Here’s a reproducer (to build with --extended-lambda --save-temps
):
// Some user defined type
struct s {
int i;
float f;
};
// Pointer wrapper class
template <typename T> struct my_span {
private:
T *__restrict ptr_;
uint32_t size_;
public:
my_span(T *ptr = nullptr, uint32_t size = 0) : ptr_(ptr), size_(size) {}
__host__ __device__ inline T &at(uint32_t x) { return ptr_[x]; }. // non-const accessor
__host__ __device__ inline T at(uint32_t x) const { return ptr_[x]; } // const accessor
};
// CUDA kernel template that takes a __device__ lambda and runs it over some indices
template <typename T> __global__ static void kernel_runner(size_t n, T kernel) {
auto gid = threadIdx.x + blockIdx.x * blockDim.x;
if (gid < n) {
kernel(gid);
}
}
// Function template to dispatch the lambda to the GPU
template <typename T> static void launch_lambda_kernel(size_t N, T &&kernel) {
kernel_runner<<<(N + 1023) / 1024, 1024>>>(N, kernel); //
}
int main() {
auto in = my_span<s>{}; // Compiles if the lambda is mutable or not, but produces null kernel if kernel not mutable (but shouldn't compile first).
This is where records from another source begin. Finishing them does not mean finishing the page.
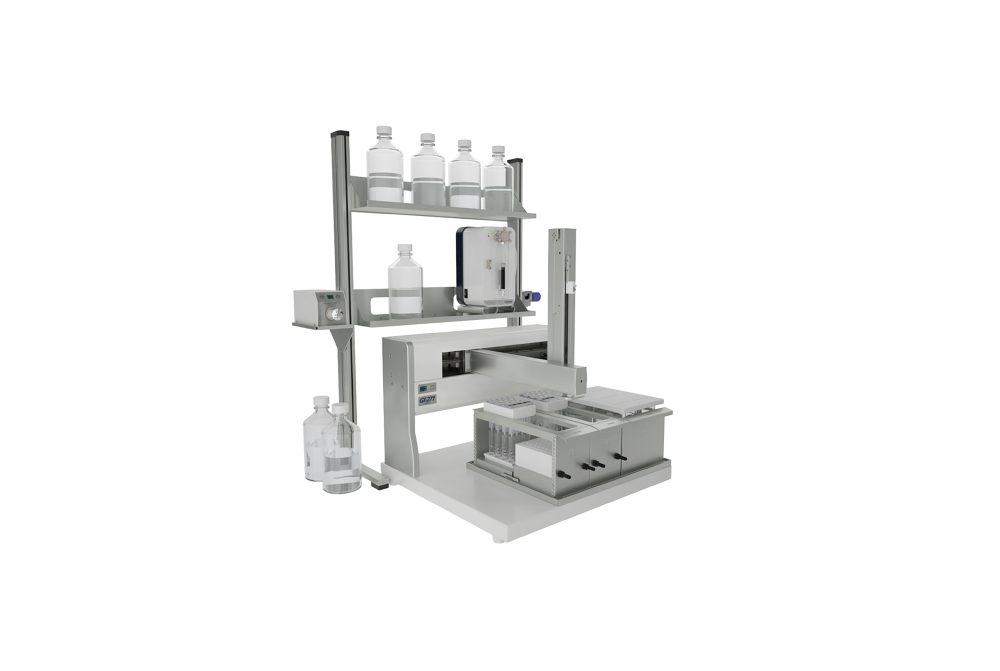 Capaz de processar amostras de pequeno volume, até 144 sem supervisão, e amostras de grande volume (até 2 litros) via válvulas seletoras Valvemate. Os racks móveis acomodam cartuchos SPE de polipropileno e vidro de 1, 3 e 6 mL e permitem múltiplas eluições de frações por amostra. A bomba de seringa gerencia volumes de 1 mL a 10 mL com alta precisão, permitindo a transferência das frações eluídas para frascos de injeção selados ou diretamente para o sistema LC com o módulo opcional de injeção direta GX.
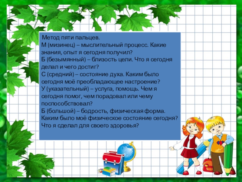 М (мизинец) – мыслительный процесс. Какие знания, опыт я сегодня получил?
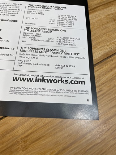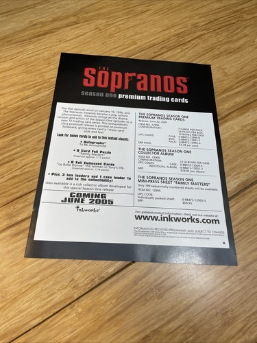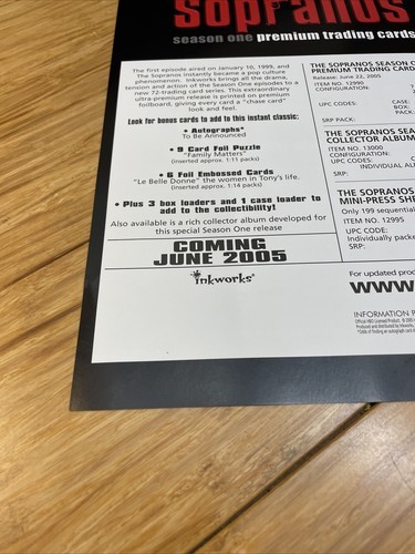 Inkworks 2005 The Sopranos Trading Card Promotional Poster KG JD
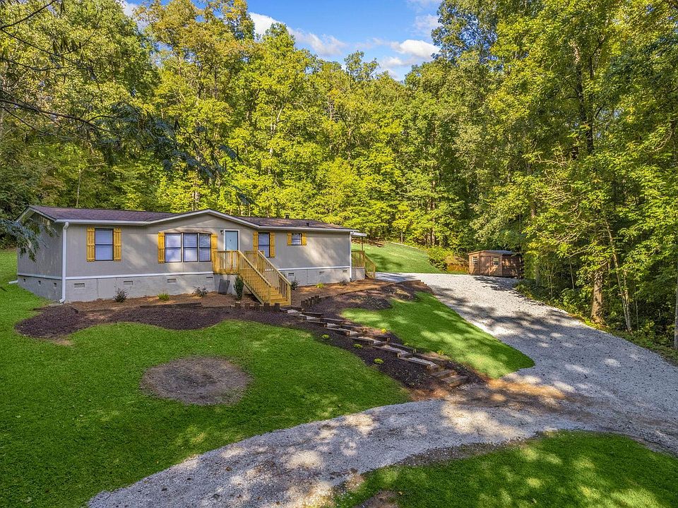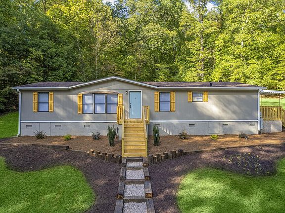WHY PAY RENT??? Renovated 3 bedroom 2 bath home on a private secluded wooded 5.12 +/- acres. Turn key ready to move in with new light fixtures, fresh paint, new granite counter tops, new flooring. Den features patio doors to back deck and gas log fireplace. Large open Living room area, bay window and kitchen with breakfast bar, window blinds installed, new stainless steel stove and stand alone microwave. Walk-in Laundry room with side entrance door to large covered side deck. Master bedroom has large full bath with oversized tile shower granite counter top and a walk in closet. Home is on a permanent foundation and possible FHA financing available. Two out buildings, one with power, and a creak that runs on and off the property line. Plenty of parking and a circular drive in front. Minutes from Table Rock State Park and area parks and Lakes. Call or text 24/7 today have a private showing.
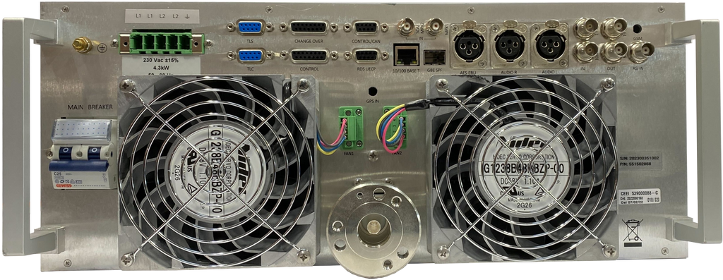 | Flags: | Carrier on/off, amplifier overdrive, DC pallet voltage, VSWR, RF input level, temperature, AGC/manual status |

launch_lambda_kernel(1000000, [=] __device__(int x) {
in.at(x) = in.at(x + 1);
});
auto in_f = my_span<float>{};
launch_lambda_kernel(1000000, [=] __device__(int x) mutable { // doesn't compile without mutable, as expected
in_f.at(x) = in_f.at(x + 1);
});
return 0;
}
This code in order to be correct requires the lambda function to be marked mutable
because the method used in the assignment .at(x)=
is not const. When the type of the pointer is some fundamental type like float
, nvcc
behaves correctly and refuses to compile the code if mutable
is missing. However, if T
is struct s
, then if compiles and generates an empty kernel. If mutable
is present, the generated code is correct.
nvcc -V
: release 11.5, V11.5.119
Best regards,
Michel